• [Information supplied]
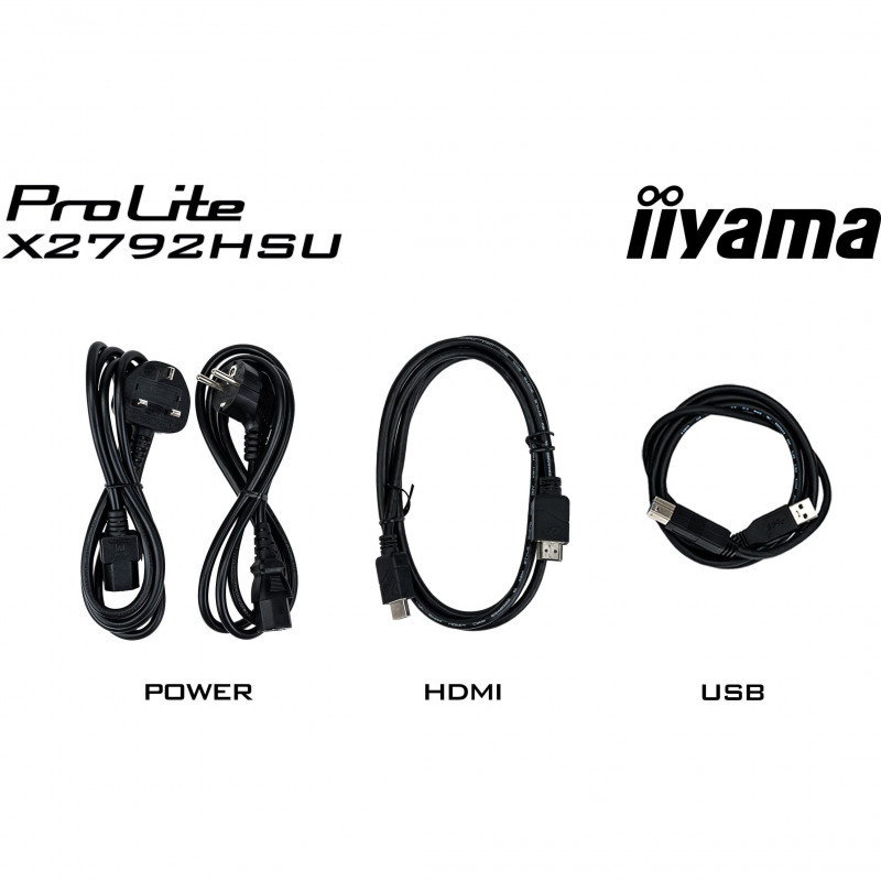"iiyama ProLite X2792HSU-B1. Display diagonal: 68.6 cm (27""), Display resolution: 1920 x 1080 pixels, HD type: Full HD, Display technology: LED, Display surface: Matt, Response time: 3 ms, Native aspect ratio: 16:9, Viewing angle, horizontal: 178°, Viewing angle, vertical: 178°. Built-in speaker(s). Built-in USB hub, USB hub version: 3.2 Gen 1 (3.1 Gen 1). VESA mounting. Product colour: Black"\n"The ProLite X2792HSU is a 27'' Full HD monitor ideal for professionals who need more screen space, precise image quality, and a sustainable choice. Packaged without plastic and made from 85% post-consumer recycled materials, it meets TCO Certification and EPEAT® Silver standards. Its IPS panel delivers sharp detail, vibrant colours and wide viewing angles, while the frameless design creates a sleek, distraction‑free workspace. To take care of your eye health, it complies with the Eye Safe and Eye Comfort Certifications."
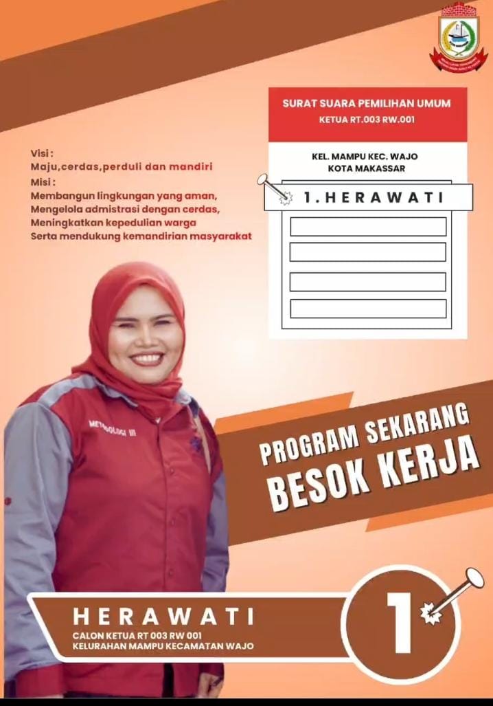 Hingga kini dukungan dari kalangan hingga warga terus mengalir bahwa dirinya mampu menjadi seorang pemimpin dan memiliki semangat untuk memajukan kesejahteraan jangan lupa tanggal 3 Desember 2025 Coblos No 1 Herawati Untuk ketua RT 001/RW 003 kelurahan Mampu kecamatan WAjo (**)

==

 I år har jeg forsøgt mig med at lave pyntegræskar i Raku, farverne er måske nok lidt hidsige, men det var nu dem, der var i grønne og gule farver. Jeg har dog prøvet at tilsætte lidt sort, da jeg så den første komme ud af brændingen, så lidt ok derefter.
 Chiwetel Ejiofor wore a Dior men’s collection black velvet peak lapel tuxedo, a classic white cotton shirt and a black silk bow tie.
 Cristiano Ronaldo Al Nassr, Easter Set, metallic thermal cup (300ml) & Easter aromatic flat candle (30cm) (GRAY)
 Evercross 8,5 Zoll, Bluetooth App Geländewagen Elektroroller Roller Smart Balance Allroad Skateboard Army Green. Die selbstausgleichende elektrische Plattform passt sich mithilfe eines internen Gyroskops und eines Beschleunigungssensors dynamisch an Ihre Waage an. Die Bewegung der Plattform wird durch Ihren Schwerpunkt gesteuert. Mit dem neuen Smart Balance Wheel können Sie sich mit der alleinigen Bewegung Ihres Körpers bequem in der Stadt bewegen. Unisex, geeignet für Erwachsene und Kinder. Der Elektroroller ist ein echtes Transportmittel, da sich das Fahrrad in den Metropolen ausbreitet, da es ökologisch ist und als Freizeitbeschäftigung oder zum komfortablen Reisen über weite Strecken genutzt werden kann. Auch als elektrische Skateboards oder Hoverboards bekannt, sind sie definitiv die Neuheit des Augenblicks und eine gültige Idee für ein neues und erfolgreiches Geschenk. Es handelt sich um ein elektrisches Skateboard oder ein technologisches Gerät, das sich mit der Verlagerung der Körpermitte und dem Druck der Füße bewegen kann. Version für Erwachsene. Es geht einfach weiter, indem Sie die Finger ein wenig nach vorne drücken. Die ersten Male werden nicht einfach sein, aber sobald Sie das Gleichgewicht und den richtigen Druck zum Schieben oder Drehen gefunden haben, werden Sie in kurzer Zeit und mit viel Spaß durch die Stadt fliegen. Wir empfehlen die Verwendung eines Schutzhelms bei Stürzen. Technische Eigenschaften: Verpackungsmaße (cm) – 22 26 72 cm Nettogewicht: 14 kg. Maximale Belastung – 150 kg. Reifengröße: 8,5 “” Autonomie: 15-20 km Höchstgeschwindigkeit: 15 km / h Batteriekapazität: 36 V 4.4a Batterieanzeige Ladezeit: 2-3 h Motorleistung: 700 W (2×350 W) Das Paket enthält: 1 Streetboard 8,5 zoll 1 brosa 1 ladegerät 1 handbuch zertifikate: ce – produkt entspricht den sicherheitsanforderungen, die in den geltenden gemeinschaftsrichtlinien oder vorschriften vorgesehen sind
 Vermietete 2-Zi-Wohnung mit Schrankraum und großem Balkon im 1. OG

==

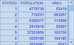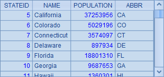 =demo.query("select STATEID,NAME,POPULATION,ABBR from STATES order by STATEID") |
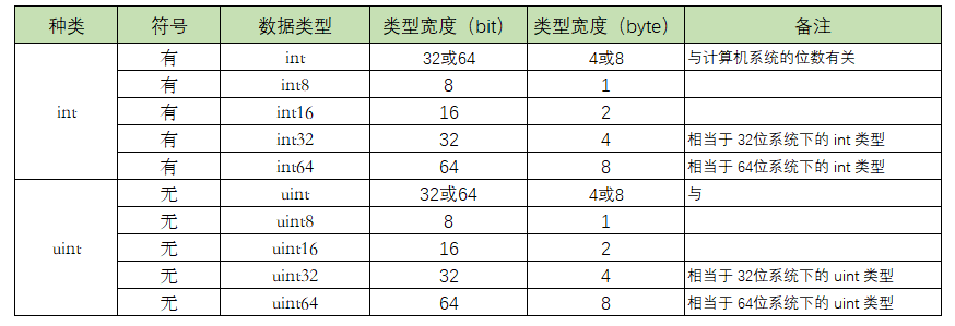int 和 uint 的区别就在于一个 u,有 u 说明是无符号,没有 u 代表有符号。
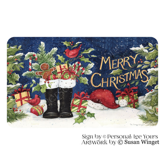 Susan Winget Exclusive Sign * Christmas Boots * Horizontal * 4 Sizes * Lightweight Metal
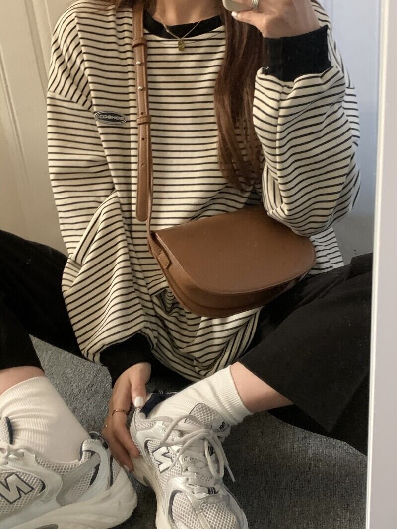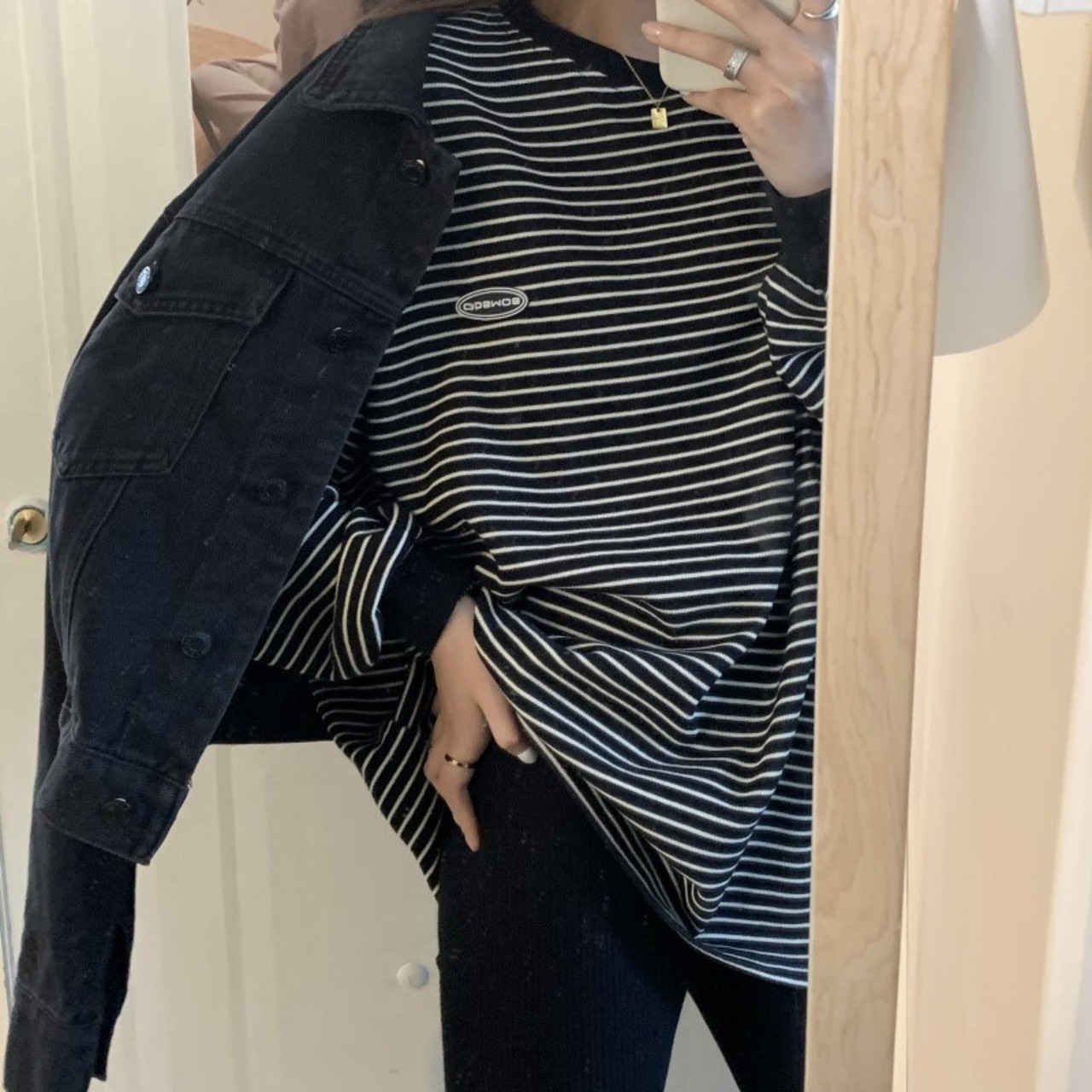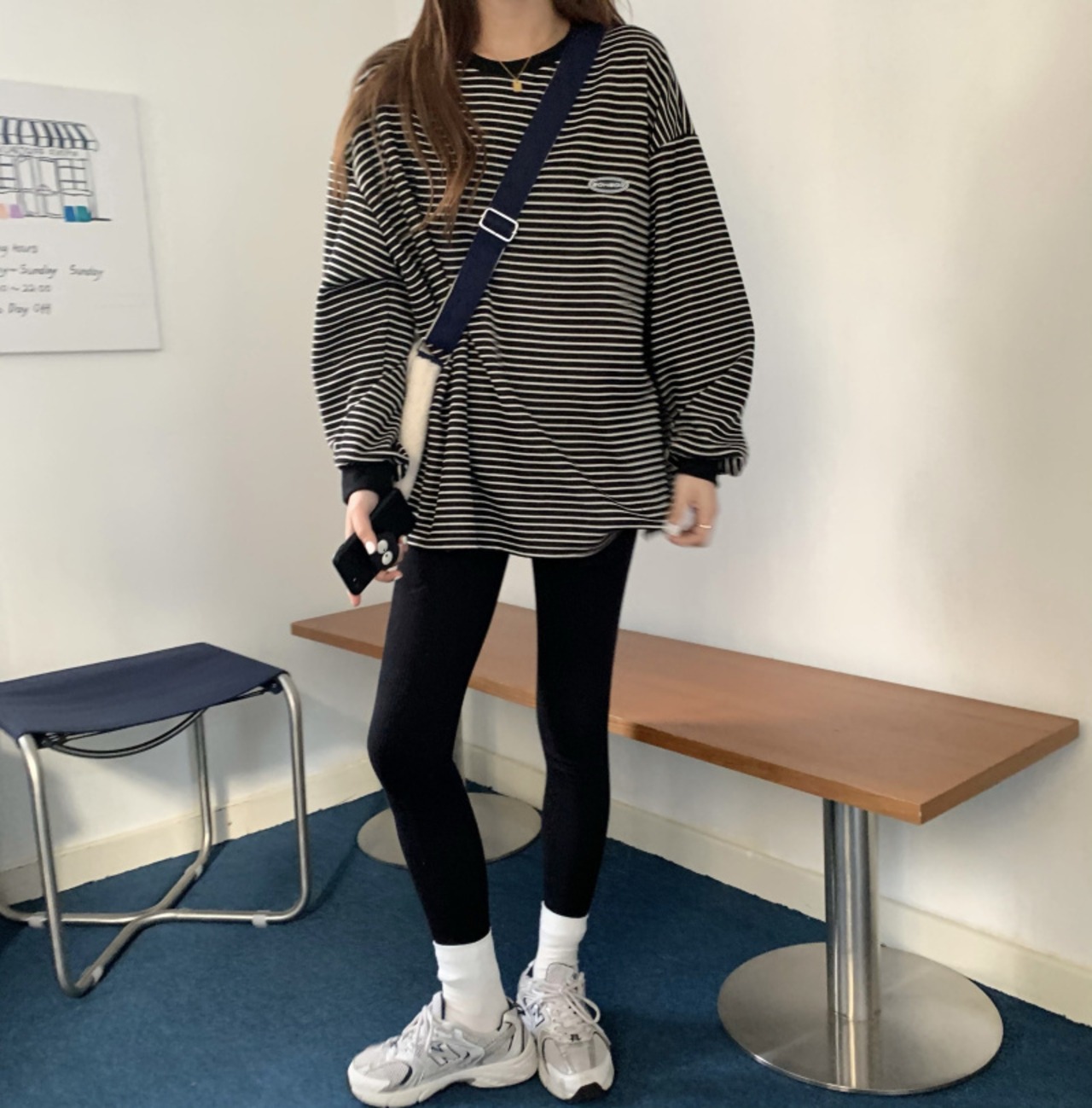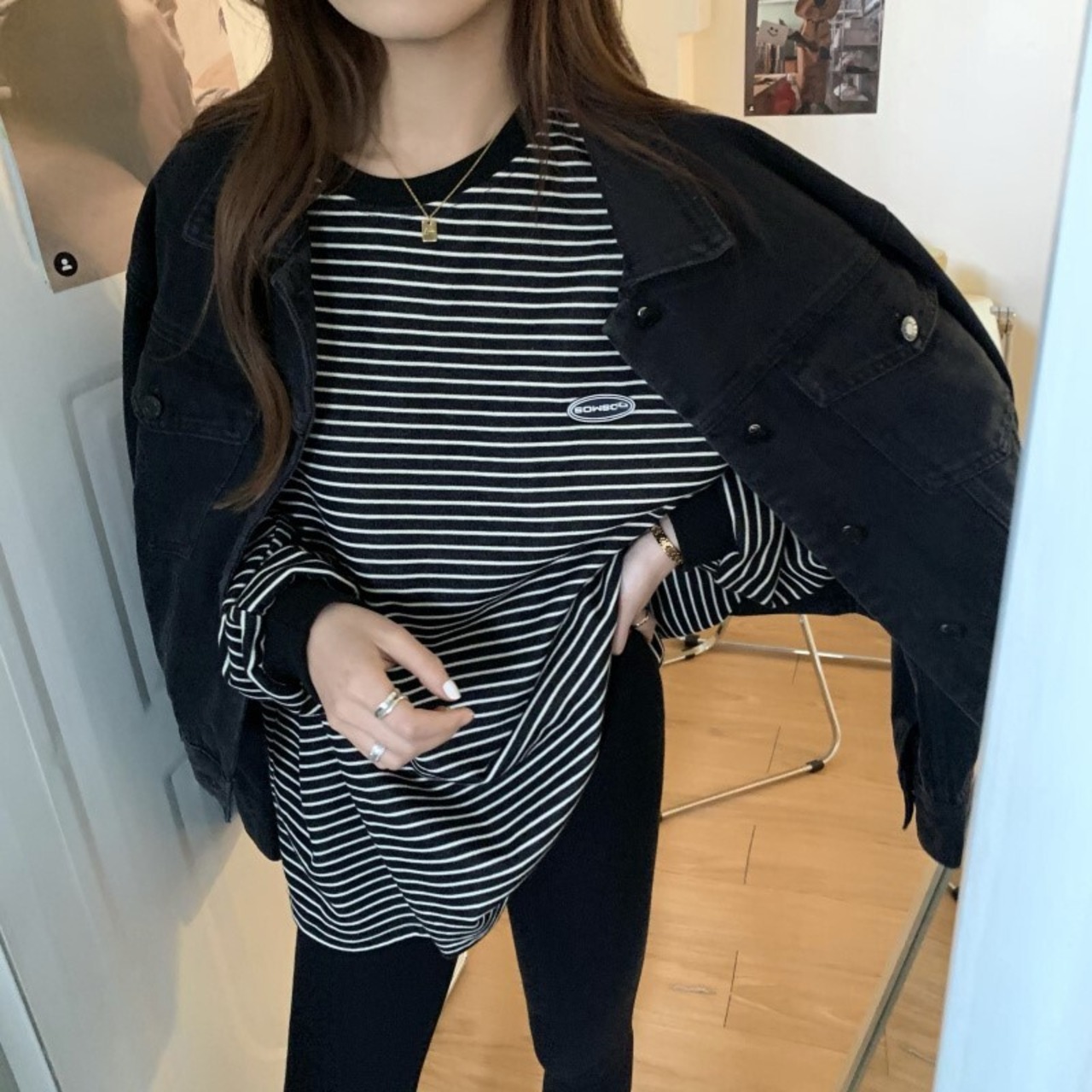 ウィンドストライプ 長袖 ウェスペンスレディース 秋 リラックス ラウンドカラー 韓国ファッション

• [What you should do] Using the data above, retype exactly and only the lines from the one containing "int 和 uint 的区别就在于一个 u,有 u 说明是无符号,没有 u 代表有符号。" up to and including the one containing "ウィンドストライプ 長袖 ウェスペンスレディース", with no pictures carried over.

• [Expected answer]
int 和 uint 的区别就在于一个 u,有 u 说明是无符号,没有 u 代表有符号。
 Susan Winget Exclusive Sign * Christmas Boots * Horizontal * 4 Sizes * Lightweight Metal
 ウィンドストライプ 長袖 ウェスペンスレディース 秋 リラックス ラウンドカラー 韓国ファッション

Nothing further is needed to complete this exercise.